For years, we have provided end-to-end support, from technical consultacy to financing, to the bioindustry ecosystem. By building the foundational infrastructure for training and development and programmes, particularly for emerging translational research institutes and biotech start-ups, we are facilitating the creation of Asia’s Silicon Valley — enabling an ecosystem that nurtures homegrown talent and innovation.
Securing biopharma talent of the future
Some say that one may have at least five careers in a lifetime. You may be an entrepreneur, scientist or a software engineer with a focus on marketing. The conflation of technology and science have allowed for people to explore different career paths. New talent pools with new skill sets or significant retraining will be needed to stay on top of these technology trends. At Cytiva, we are looking forward to collaborating with academia, biotech, platform companies and data providers to develop the talents for the future, and of the future.
Personally, I was lucky enough to make a transition into Life Sciences from a different industry relatively early on in my career. It took significant investment in learning, going through different functional experiences and perseverance to build a career. I always found that the unique purpose of our industry makes it all worth it.
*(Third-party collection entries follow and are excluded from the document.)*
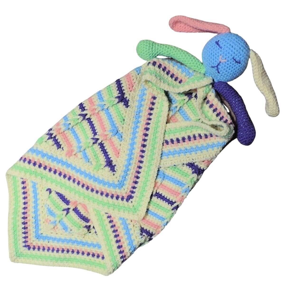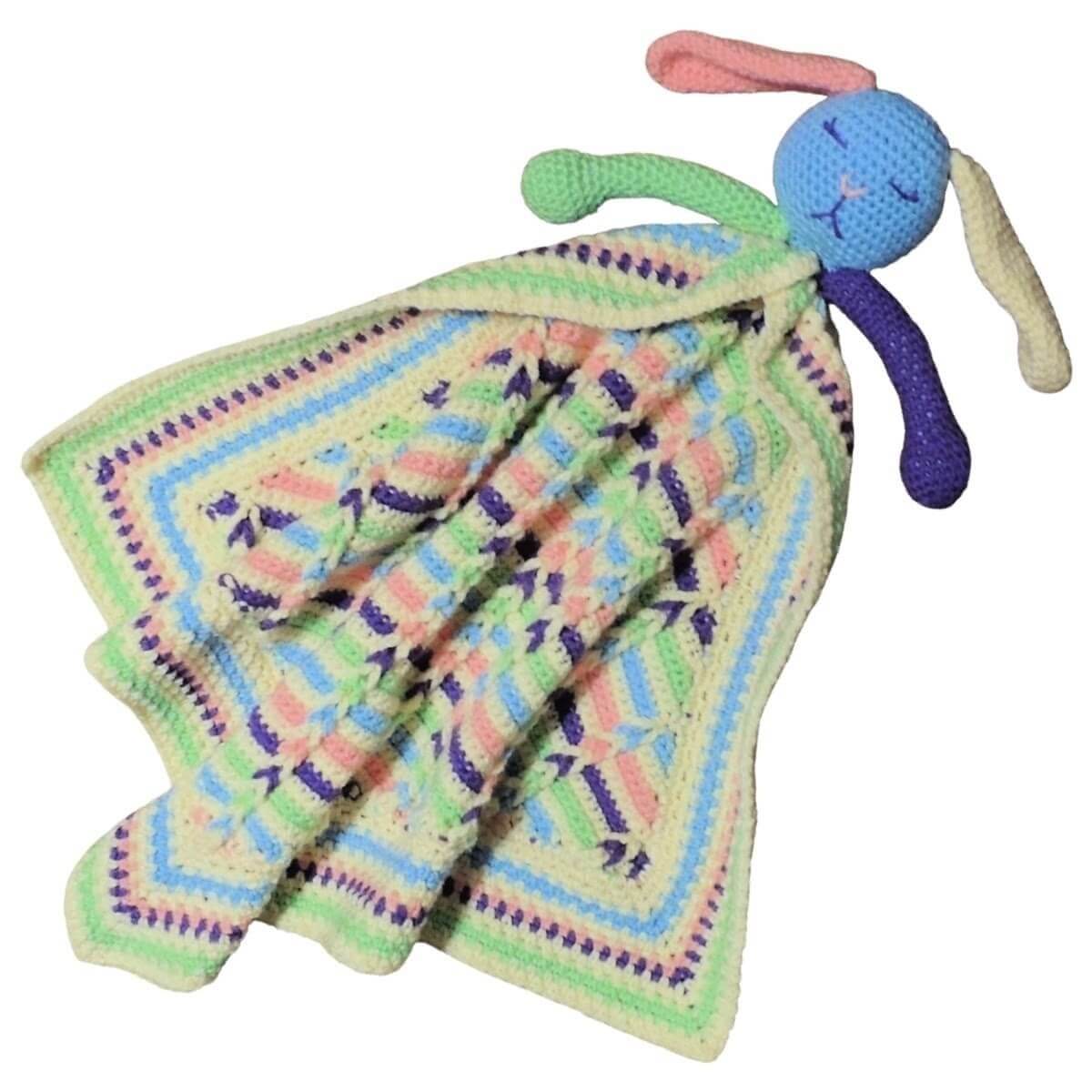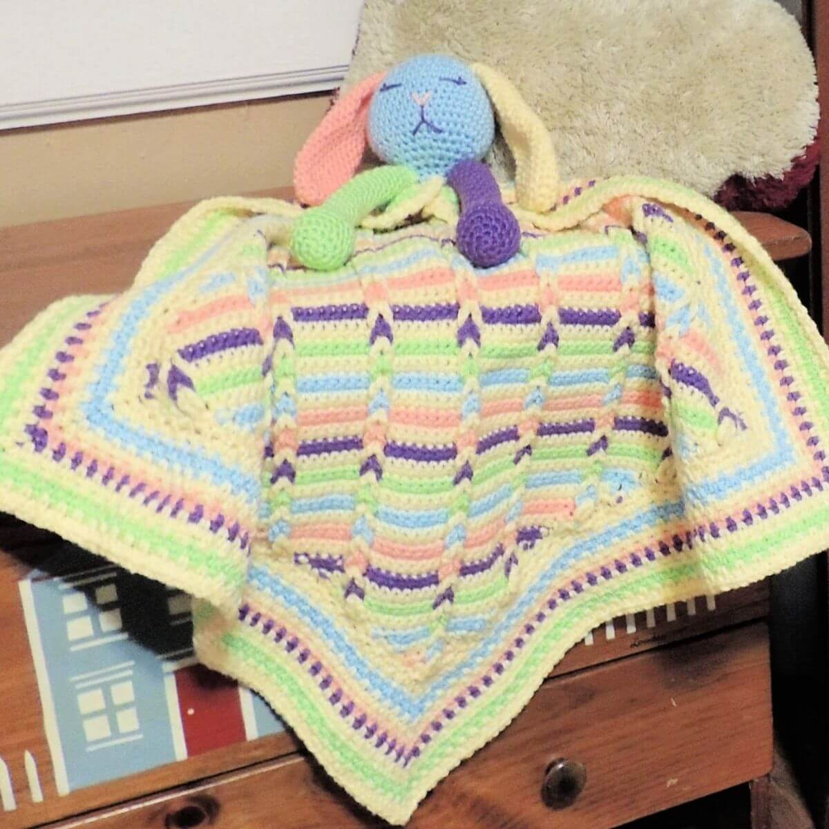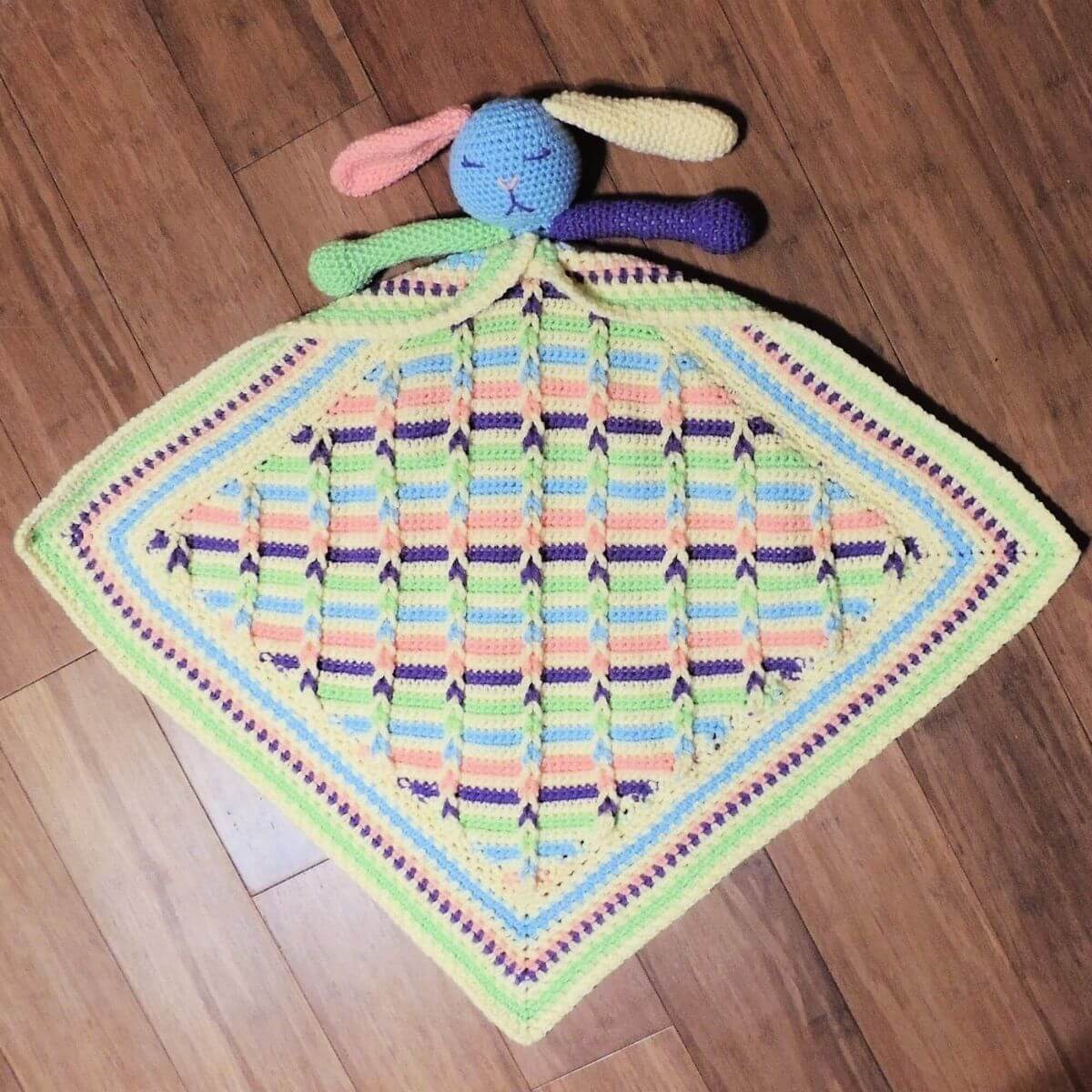 Leo the Lovey is my way to honor one of my favorite childhood books: Leo the Lop. This lop will bring love to any child! I wanted to make a corner lovey, and decided to go with a bunny. As I was making the ears, I thought of Leo the Lop and just knew I had to make the bunny lop-eared and name it Leo the Lovey. The blanket features a center of reversible Jacob's Ladder stitch, with a border of linen stitch.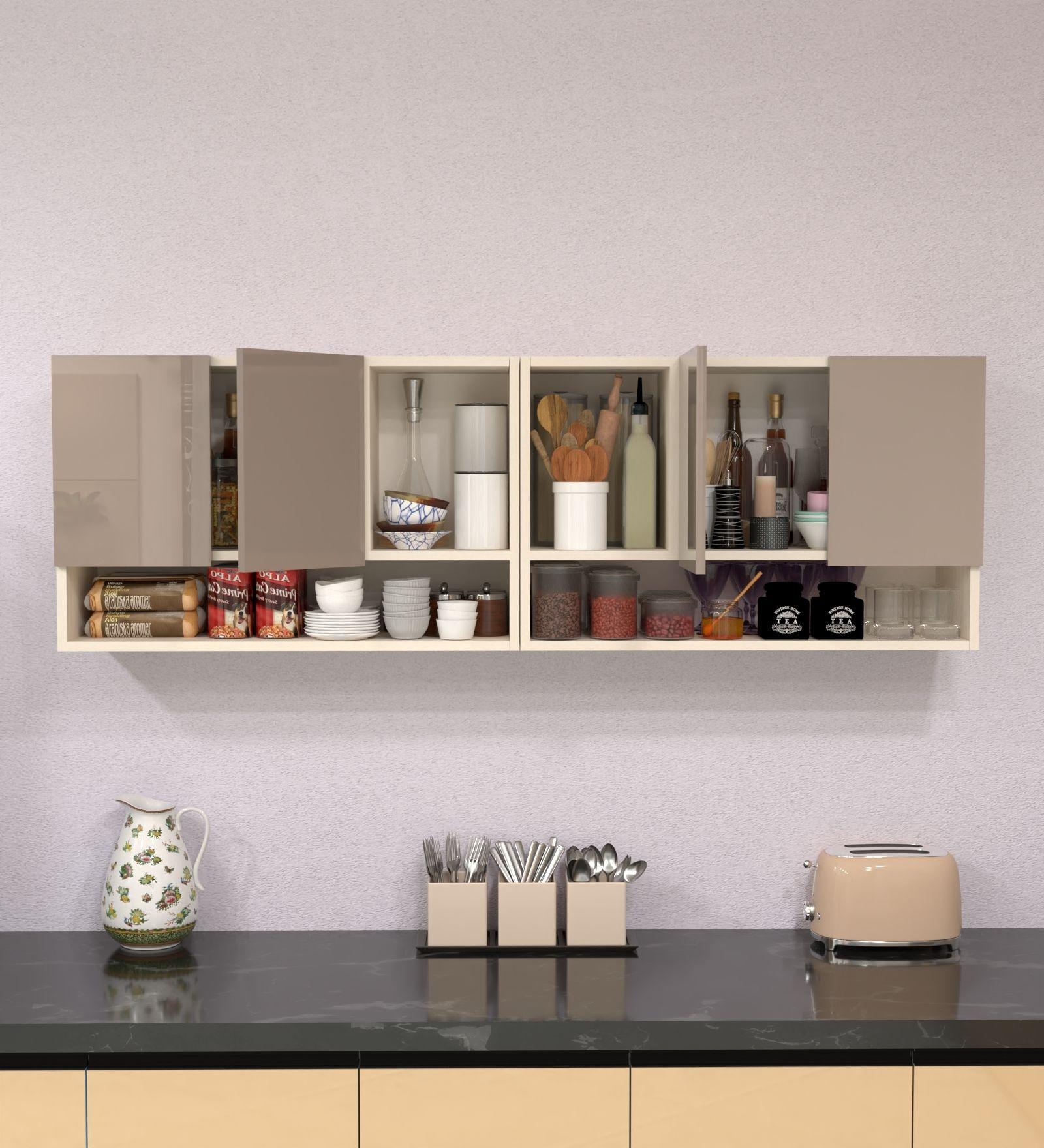 This Mocha UV coating finish multipurpose storage Cabinet made from environment friendly European Standard Engineered wood. A UV-coated wall-mounted storage cabinet combines durability, aesthetics, and protection for everyday use. It can be used as a storage cabinet in a modular kitchen. 6 shelves & 4 doors with handless shutters & Open Organizer Shelf can store infrequently used items to maintain your items clean and dry make your space organized and comfortable with French Cleat system distributes the weight of the furniture evenly, making it ideal for heavy pieces. Fixed Shelves to accommodate a variety of items like books, toiletries, or kitchenware. You can store all of your spice containers for kitchen, masala box for kitchen, plastic oil cans, plastic boxes for storage, kitchen containers set, kitchen accessories items for home, container for kitchen storage set, etc. For any product related query please call the Toll free number on the box to get proper solution.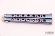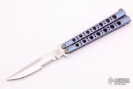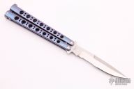 This Model 42AS Balisong features a satin finished partially serrated blade and anodized titanium handles with an orange peel finish. Has T-latch. Includes original sheath. Excellent condition.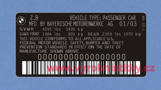 Výrobní štítek BMW Alpina Z8 - samolepící polyester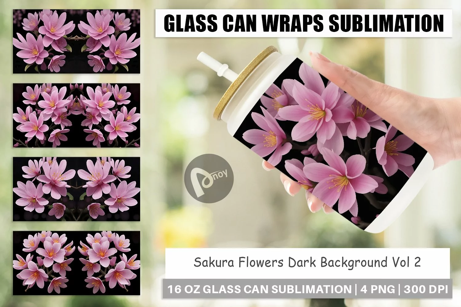 Glass Can Wraps Sakura Flowers Dark example image 1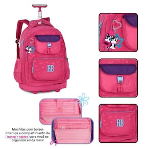 Este Kit é a combinação perfeita para quem busca elegância, organização e muita praticidade no dia a dia escolar. A mochila RB26222 é um modelo super premium da Rebecca Bonbon, desenvolvida em material soft com acabamento em jacquard, trazendo um visual moderno, resistente e muito sofisticado. Possui zíperes coloridos, cadarço logado acetinado e estampa personalizada que dão um charme único à peça. O compartimento principal é extremamente espaçoso e conta com espaço reservado para notebook, garantindo praticidade para a rotina escolar. Na parte frontal, ela oferece mais três compartimentos com fechamento por zíper, incluindo dois bolsos estilosos que facilitam a organização dos itens do dia a dia. Nas laterais, bolsos telados perfeitos para garrafinhas ou objetos de acesso rápido. O modelo é 2 em 1, podendo ser tanto nas costas, com alças acolchoadas super confortáveis, quanto no modo carrinho, com puxador e rodinhas resistentes. Quando Utilizado nas costas, voce pode prroteger as rodinhas para não sujar sua roupa Acompanha chaveiro-tag de borracha e penduricalhos exclusivos da marca. Dimensões aproximadas: 48x35x19cm. O kit acompanha o Estojo Box RB26226, confeccionado no mesmo material soft com silk exclusivo, zíperes coloridos e cadarço logado acetinado. Possui 36 elásticos internos para lápis e canetas e ainda conta com um estojo interno adicional com fechamento próprio, garantindo organização extra. Sua capacidade total comporta cerca de 100 lápis ou canetas, com dimensões aproximadas de 22x16x6cm. A lancheira RB26228 é confeccionada em material resistente, com revestimento térmico que mantém os alimentos na temperatura ideal. Possui compartimento principal espaçoso e mais dois bolsos frontais, todos com fechamento por zíper, além de bolsinhos telados nas laterais. Seu grande diferencial são as alças versáteis: pode ser Utilizado como mochilinha nas costas, no ombro com a alça transversal ou pela alça superior de mão, garantindo praticidade e conforto no dia a dia. Dimensões aproximadas: 27x20x12cm. Um conjunto completo, moderno e perfeito para quem deseja qualidade premium e organização impecável todos os dias.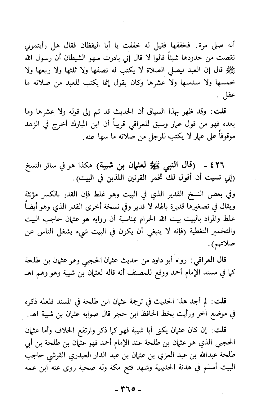 426 - (قال النبي - صلى الله عليه وسلم - لعثمان بن شيبة) هكذا هو في سائر النسخ (إني نسيت أن أقول لك تخمر القرنين اللذين في البيت).

The pandemic has given the critical role of Life Sciences a great deal of exposure, in places where we didn’t have it before; let us use this momentum to attract new job seekers from unlikely places and convince them this is the best place to be.
Francis Van Parys is currently responsible for providing transformational technologies in biopharmaceutical research, manufacturing and diagnostics to Cytiva customers and partners in the lifesciences industry in China, India, Japan, Korea, ASEAN and Australia-New Zealand.
While his name would suggest a French connection, Francis is a Belgian citizen whose career has spanned far and wide, and he is currently based in Asia.
Francis is a seasoned global executive who served in a number of General Management roles before becoming President of GE Healthcare Korea in 2017. In that role, he was responsible for helping provide medical technologies and solutions to the healthcare industry in Korea, from diagnostic imaging,monitoring and digital solutions through to life sciences.
He joined Cytiva when it was known as GE Healthcare Life Sciences in 2009 as General Manager for Commercial Operations in EMEA and was later appointed Global Product General Manager, Research and Applied Markets, responsible for the consumables and hardware portfolio. He then became Global Commercial General Manager for Cell Culture in 2016.
Francis started his career by joining GE in a sales leadership program in 2001 and had early-care assignments in Belgium and Germany, before taking on sales marketing positions of increasing responsibility at GE Industrial Solutions.
He graduated from the University of Ghent in Belgium with a Master’s degree in Material Science and Engineering. He also holds a Master of Science in Polymer Technology from UMIST in Manchester,UK. Francis lives in Seoul, Korea, with his wife and two sons.